The revision of this policy timed to Trump’s second election demonstrates that the company is focused on allowing more hateful speech against specific groups, with a noticeable and particular focus on enabling more speech challenging LGBTQ+ rights. For example, the revised policy removed previous prohibitions on comparing people to inanimate objects, feces, and filth based on their protected characteristics, such as sexual identity.
In response, LGBTQ+ rights organization AllOut gathered social justice groups and civil society organizations, including EFF, to demand that Meta immediately reverse the policy changes. By normalizing such speech, Meta risks increasing hate and discrimination against LGBTQ+ people on Facebook, Instagram and Threads.

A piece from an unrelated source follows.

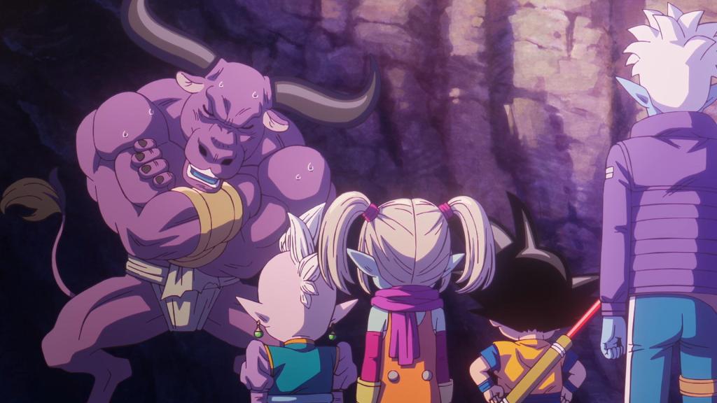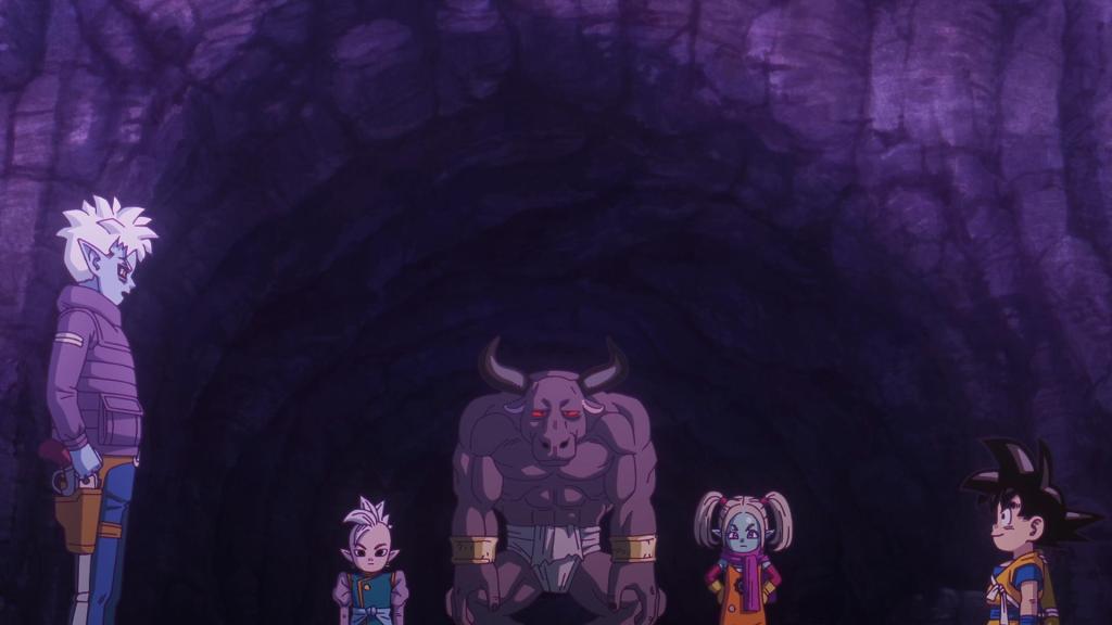 Minotauro no quiere pelear, se inventa una excusa para irse sin luchar y se vuelve a su cueva. Los demás seguierán su camino hacia la bola del dragón y el Tamagami del tercer mundo.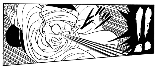 悟空に追い詰められたピッコロが、最後の賭けとして出した大技。腕を組む姿勢で溜めたものすごい気を、一気に放出する技。辺り一帯の人や建物を吹き飛ばす威力を持つ。

The campaign is supported by the following partners: All Out, Global Project Against Hate and Extremism (GPAHE), Electronic Frontier Foundation (EFF), EDRi - European Digital Rights, Bits of Freedom, SUPERRR Lab, Danes je nov dan, Corporación Caribe Afirmativo, Fundación Polari, Asociación Red Nacional de Consejeros, Consejeras y Consejeres de Paz LGBTIQ+, La Junta Marica, Asociación por las Infancias Transgénero, Coletivo LGBTQIAPN+ Somar, Coletivo Viveração, and ADT - Associação da Diversidade Tabuleirense, Casa Marielle Franco Brasil, Articulação Brasileira de Gays - ARTGAY, Centro de Defesa dos Direitos da Criança e do Adolescente Padre, Marcos Passerini-CDMP, Agência Ambiental Pick-upau, Núcleo Ypykuéra, Kurytiba Metropole, ITTC - Instituto Terra, Trabalho e Cidadania.
Sign the AllOut petition (external link) and tell Meta: Stop hate speech against LGBT+ people!
If Meta truly values freedom of expression, we urge it to redirect its focus to empowering some of its most marginalized speakers, rather than empowering only their detractors and oppressive voices.